Given a person and a garment image, virtual try-on (VTO) aims to synthesize a realistic image of the person wearing the garment, while preserving their original pose and identity. Although recent VTO methods excel at visualizing garment appearance, they largely overlook a crucial aspect of the try-on experience: the accuracy of garment fit -- for example, depicting how an extra-large shirt looks on an extra-small person. A key obstacle is the absence of datasets that provide precise garment and body size information, particularly for "ill-fit" cases, where garments are significantly too large or too small. Consequently, current VTO methods default to generating well-fitted results regardless of the garment or person size. In this paper, we take the first steps towards solving this open problem.

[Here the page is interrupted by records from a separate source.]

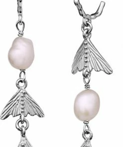 Let som nærtsværmerens vinger og blid som en lys sommernat. Det er essensen af de smukke Luna øreringe, der graciøst hænger fra øret med ferskenfarvede perler og forgyldte lette natsværmere. <br><br>Maanestens SS22 kollektion er inspireret af alle de organiske former, der findes omkring os, og de kreative energier, de giver beskueren. Kollektionen, Surrounding Shapes, hylder håndværket og er som alle Maanestens smykker håndlavet på eget værkssted i Jaipur, Indien.<br><br>Materialer: genanvendt sterling sølv (925), ferskenfarvede ferskvandsperler<br><br>Længde: 42 mm
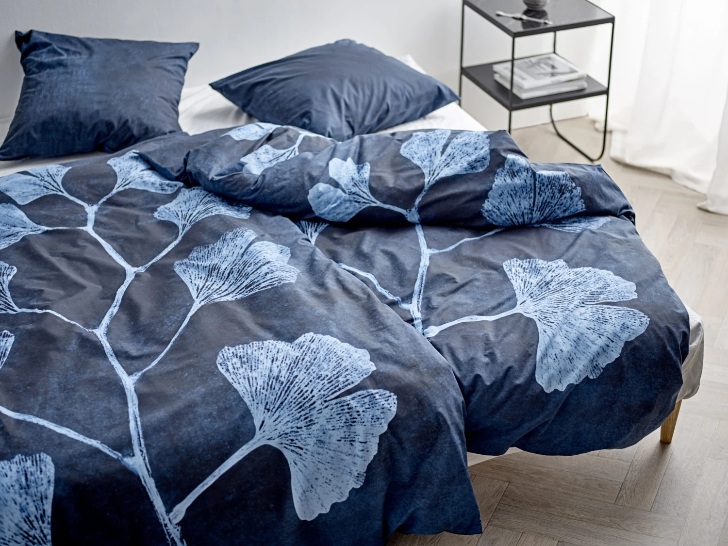 Ginkgo biloba ist der botanische Name für den Tempelbaum, der ursprünglich aus China stammt. Die fächerförmigen Blätter sind wunderschön und charakteristisch. Ein interessantes botanisches Motiv für die Einrichtung.
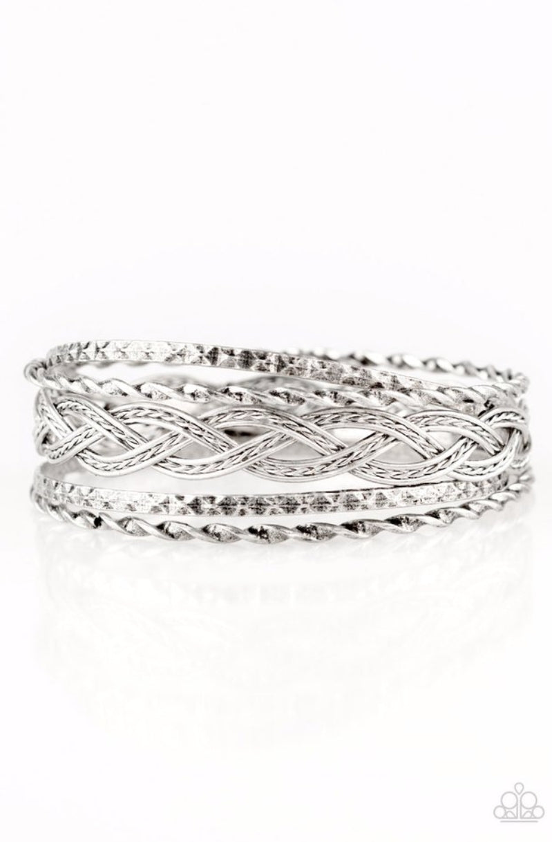 Featuring smooth and textured finishes, mismatched silver bangles glide along the wrist for a causal fashion.
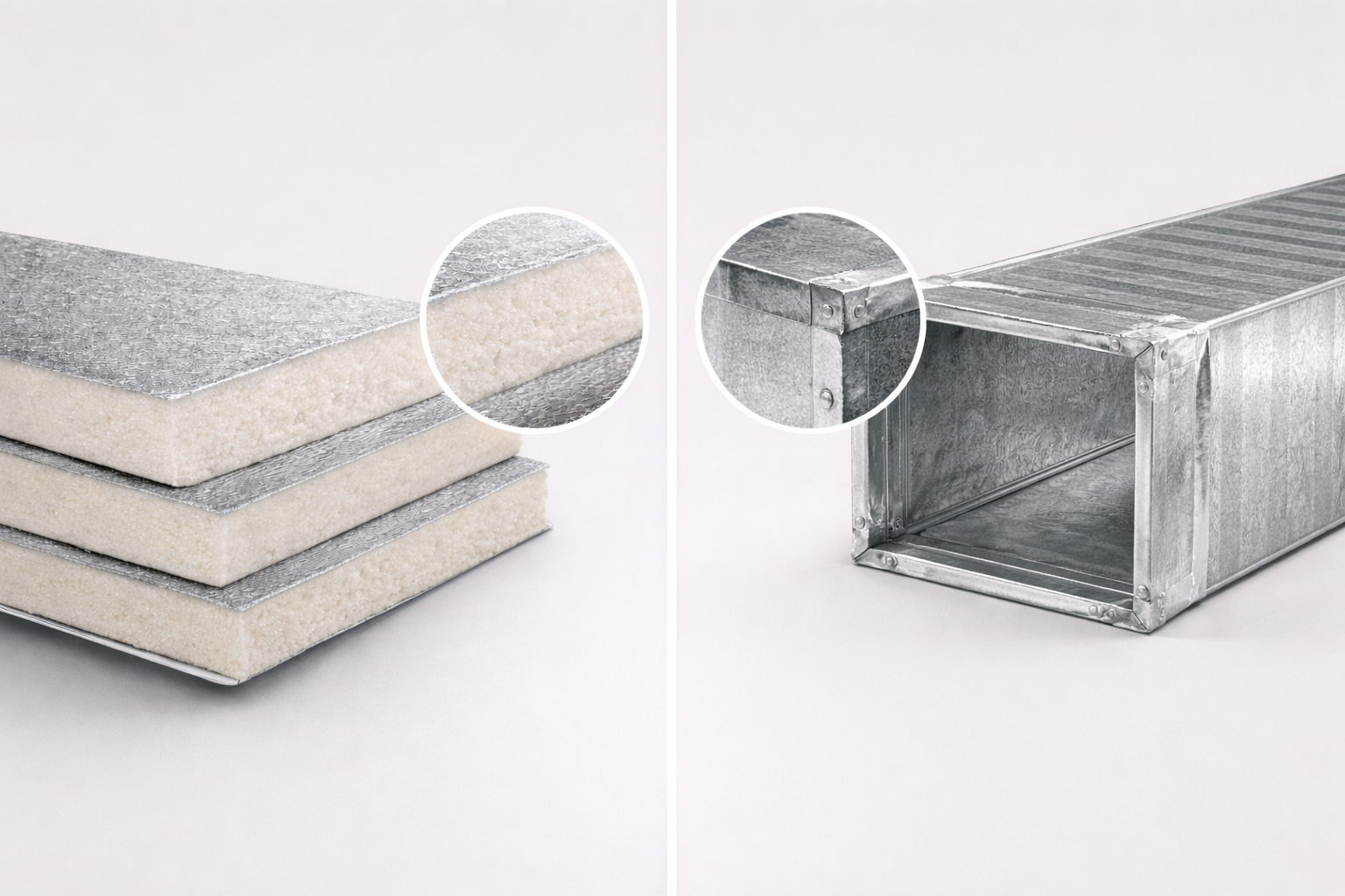 AluPir Duct System é um sistema em painel de alumínio pré-isolado para dutos HVAC, fabricado pela Rocktec, desenvolvido para projetos de engenharia que exigem desempenho térmico, leveza estrutural e confiabilidade industrial.
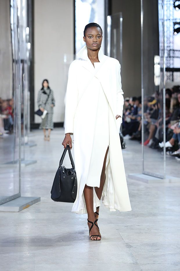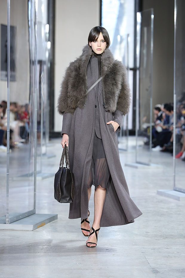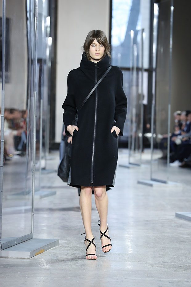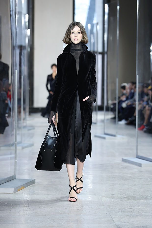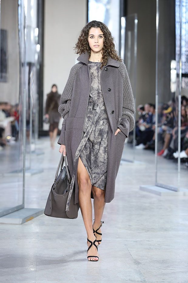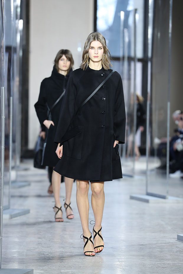The coat and the bag, that is what a woman grabs before stepping out. When she slips into her coat, it happens in a dynamic, sensual and almost unconscious movement. This intuitive, dancing move has been captured by Canadian artist Rodney Graham in an installation (“Der Mantelanzieher”, 2015) as well as in a recent self portrait (“Coat Puller”, 2017). Albert Kriemler’s Akris Fall/Winter 2017/18 collection is about a woman in a coat with a bag. – from Akris
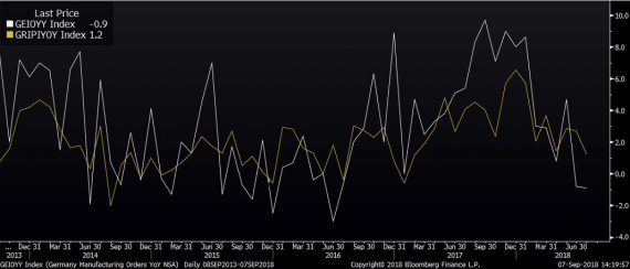 Tvrdé čísla z ekonomiky, ktoré boli zverejnené včera a dnes však až toľko optimizmu nedávajú. Sklamali tak priemyselné objednávky ako aj priemyselná výroba. Medziročná zmena priemyselných objednávok ukázala -0,9%, čo je najhoršie číslo za posledné dva roky. Priemyselná výroba zase rastie medziročné len o 1,2%, čo je druhá najnižšia úroveň od zimy 2017.
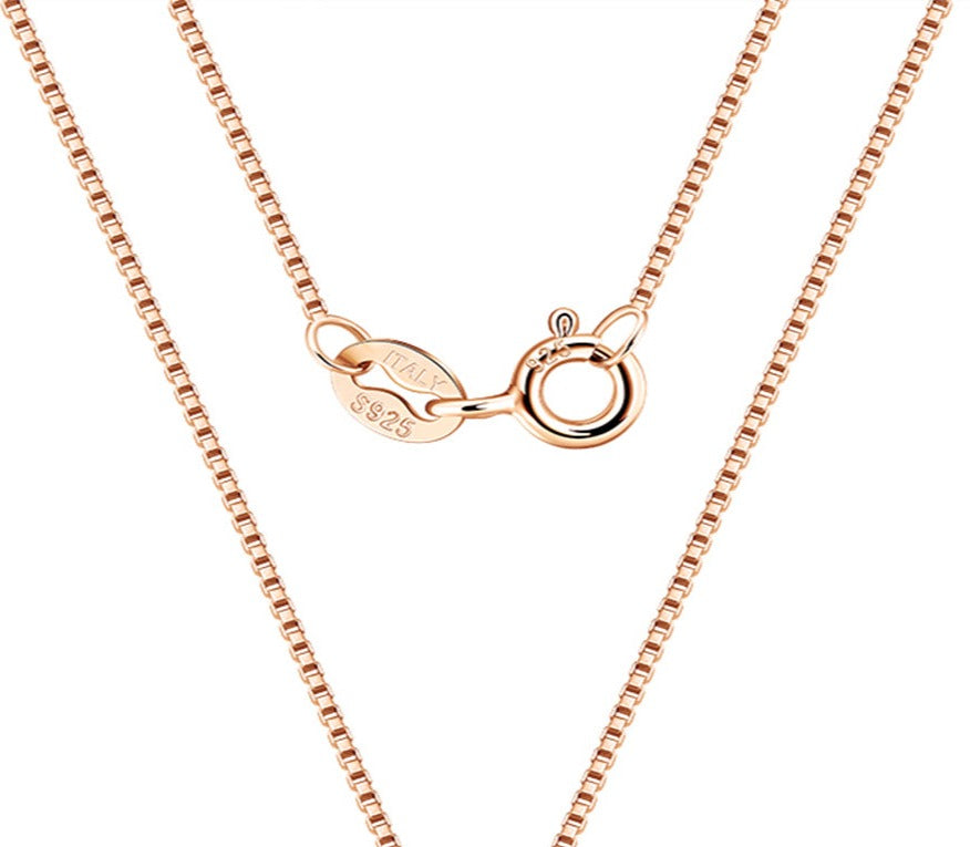 This gives each link the appearance of being a small box. This is a rose gold over sterling silver box chain. It comes with a ring clasp for added security. This is made in Northern Italy, where the finest chains in the world are made.
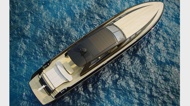 Dirand also gave the exterior plenty of open lounging space, both fore and aft, and a broad open transom that leads down to the swim platform. The hard top has windows that extend along the sides but are not fully closed, so there is protection against the elements but also ventilation across the helm area. The area also as a bar and galley. Beautiful wooden planking gives the decks a classic look.
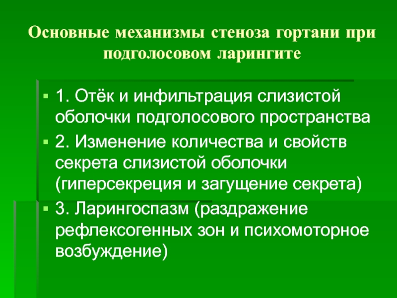 Основные механизмы стеноза гортани при подголосовом ларингите1. Отёк и инфильтрация слизистой оболочки подголосового пространства2. Изменение количества и
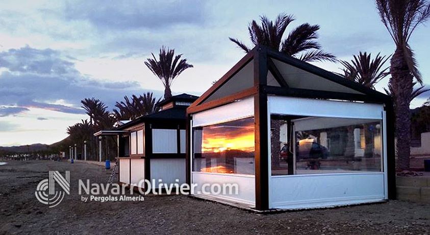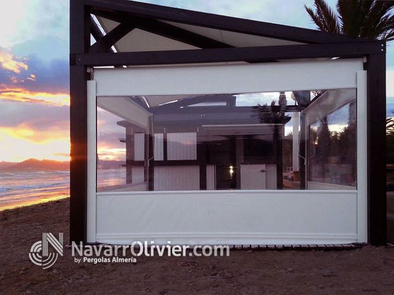 Dada la escasa superficie de la playa la configuración del establecimiento se completa con 2 pérgolas con pendiente a 2 aguas sobre la diagonal, con toldos enrollables corta viento con una gran superficie transparente que permite apreciar los fantásticos atardeceres junto al mar.

We introduce FIT (Fit-Inclusive Try-on), a large-scale VTO dataset comprising over 1.13M try-on image triplets accompanied by precise body and garment measurements. We overcome the challenges of data collection via a scalable synthetic strategy: (1) We programmatically generate 3D garments using GarmentCode and drape them via physics simulation to capture realistic garment fit. (2) We employ a novel re-texturing framework to transform synthetic renderings into photorealistic images while strictly preserving geometry. (3) We introduce person identity preservation into our re-texturing model to generate paired person images (same person, different garments) for supervised training. Finally, we leverage our FIT dataset to train a baseline fit-aware virtual try-on model. Our data and results set the new state-of-the-art for fit-aware virtual try-on, as well as offer a robust benchmark for future research. We will make all data and code publicly available on our project page: https://johannakarras.github.io/FIT.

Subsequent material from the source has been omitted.